Pow-wow annuel de la nation Malécite de Viger
Pow-wow annuel de la Nation Malécite de Viger Photo: Radio-Canada
Radio-Canada

Depuis quelques années, de plus en plus de jeunes Malécites veulent en apprendre plus sur leur histoire, leur tradition et leur langue. Une très bonne nouvelle pour les membres du conseil de bande d'autant plus que dans les années 1990 la transmission de ces connaissances avait été laissée de côté.

Un texte de Patrick Bergeron

Depuis deux ans, différentes activités sont organisées pour permettre à des membres de la communauté malécite de se réapproprier une partie de leur histoire.

Mais cette transmission des connaissances est difficile dans la communauté située à Cacouna et à Whitworth, car il n'y a pas d'écoles malécites comparativement aux communautés du Nouveau-Brunswick.

Pour favoriser l'enseignement de la langue, une demande d'aide financière a été acheminée à Patrimoine Canada pour traduire de l'anglais un programme utilisé dans les Maritimes. Le responsable du dossier de l'éducation, Kévin Morais, croit que plusieurs membres de la nation voudront apprendre la langue.

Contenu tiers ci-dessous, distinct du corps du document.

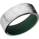 Cobalt chrome 8mm flat band with slightly rounded edges and a Highland Green Cerakote sleeve. This beautiful product isn't always in stock. Our online inventory shows everything that we produce and some products need to be made from scratch along with vendor items that we don't produce. We will call or email letting you know if the piece is available or needs to be built along with if the product needs to be sized. Current estimated build times are between 6-8 weeks.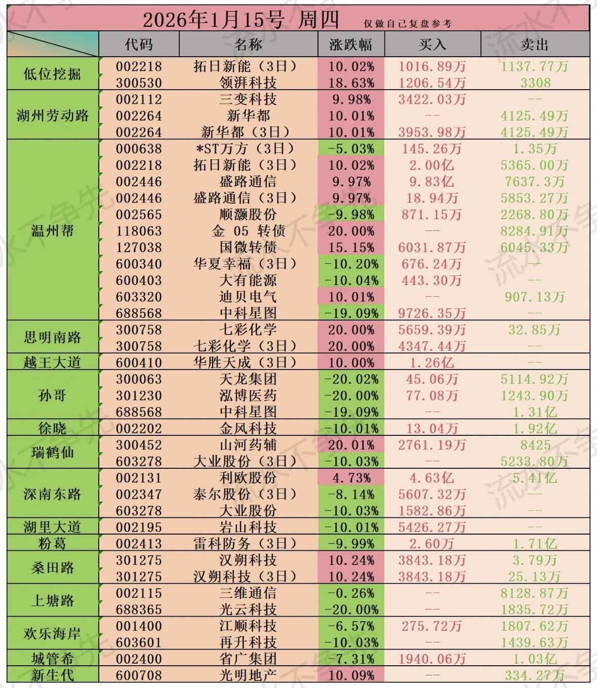 2026年1月15日股票涨跌榜,带你一探究竟!📈📉 "股市复盘笔记:多股涨跌显著,盛路通信领涨,雷科防务回调,资金动向活跃,短线博弈加剧。" 股市复盘:多股涨跌分化,盛路通信领涨,红相股份重挫,资金博弈激烈,关注板块轮动机会。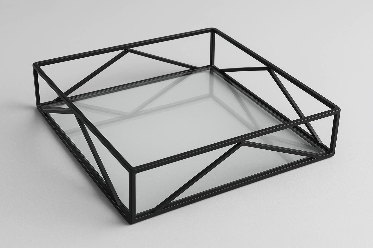 The angular design of the metal frame creates a contemporary silhouette that complements modern, industrial, or Scandinavian interiors. The glass insert provides a smooth, stable surface perfect for displaying candles, succulents, or a curated collection of coffee table books and objets d’art. The tray feels substantial and high-quality due to its weighted metal construction.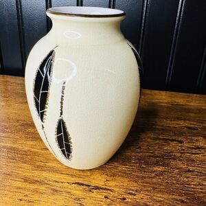 Vintage Antique Italian Vase Italy Textured Off White Black Leaves MCM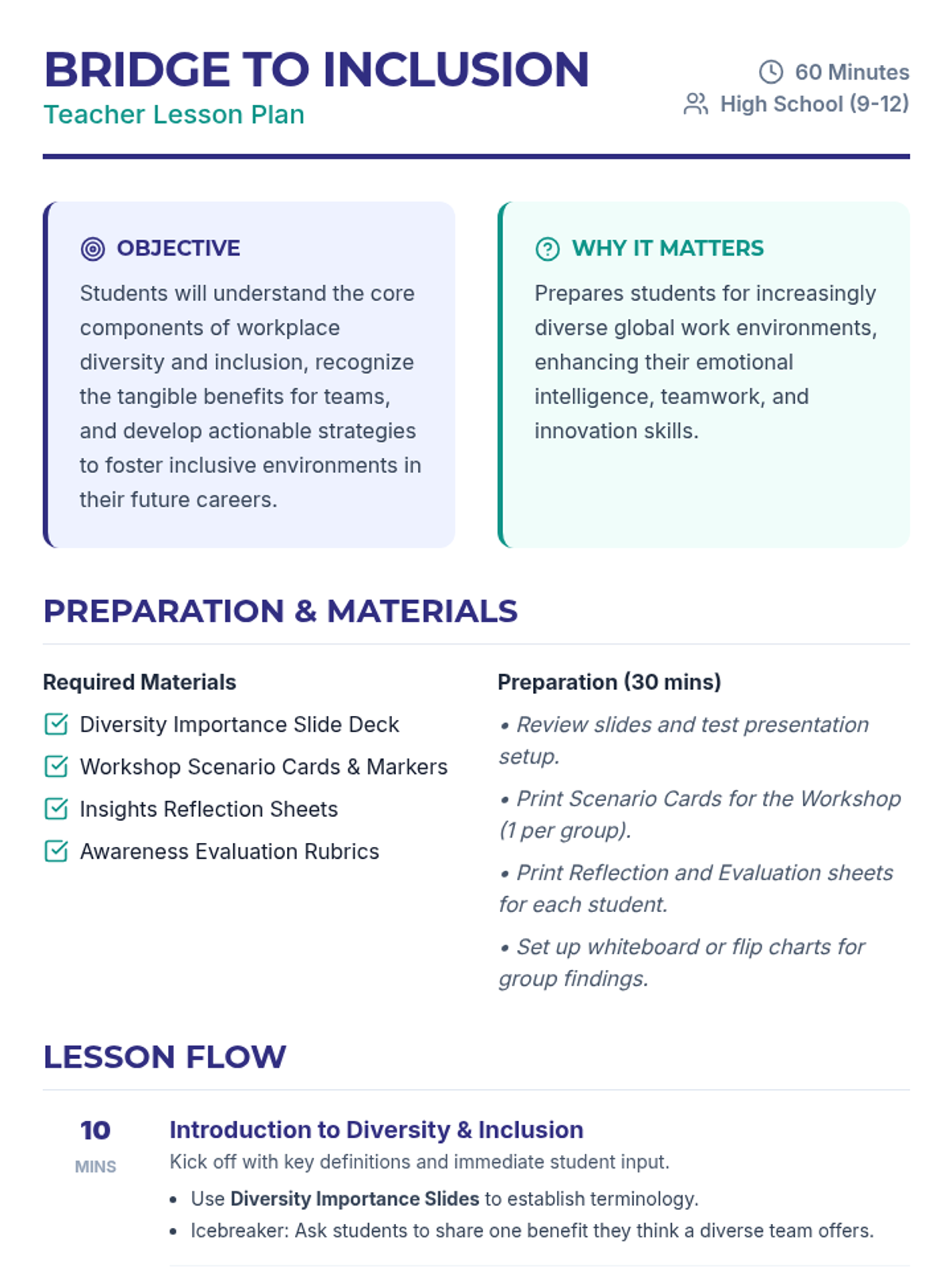 A comprehensive lesson plan for teachers, outlining the objectives, materials, and step-by-step flow for a 60-minute session on workplace diversity and inclusion.

Ça nous permettra de faire des camps de langue ou encore des capsules vidéos qui seront disponibles dans le web.

Kévin Morais, responsable du dossier éducation, Conseil de bande de la Première Nation Malécite de Viger
Ivanie Aubin-Malo danse dans de nombreux pow wow. Une façon pour elle de transmettre une partie de son histoire. Ivanie Aubin-Malo croit que de plus en plus de jeunes malécites s'intéressent à leur histoire. Photo : Facebook / Courtoisie : Ivanie Aubin-Malo

Pour une nouvelle génération de Malécites, il est important de créer un sentiment d'appartenance fort dans la communauté d'autant plus que les membres se retrouvent dispersés aux quatre coins du Québec.

Pour Ivanie Aubin-Malo le processus pourrait être long, mais nécessaire.

Au Nouveau-Brunswick, il y a des activités toutes les semaines ce qui permet de garder la culture ou les traditions bien vivantes.

Ivanie Aubon-Malo
La Premiere Nation mélecite de MadawaskaLa Premiere Nation mélecite de Madawaska Photo : Radio-Canada / Étienne Dumont

Pour d'autres, il est important d'aller voir ailleurs pour mieux comprendre la réalité des peuples autochtones. C'est le cas de Catherine Desjardins. Depuis son arrivée sur le marché du travail, elle s'implique auprès des immigrants. Depuis deux ans, elle travaille avec les communautés autochtones du Nord-du-Québec.

Elle croit que plusieurs jeunes Malécites étudient actuellement dans des domaines qui leur permettront de s'impliquer dans la communauté.

Il faut être curieux et ne jamais oublier que nous pouvons être des passeurs pour conserver notre histoire et notre culture vivante.

Catherine Desjardins

Les membres du conseil de bande entendent poursuivre les activités sur leur territoire. Ils envisagent même la possibilité d'organiser des activités sur la Côte-Nord, dans la région de la Capitale-Nationale ou encore à Montréal d'ici quelques années.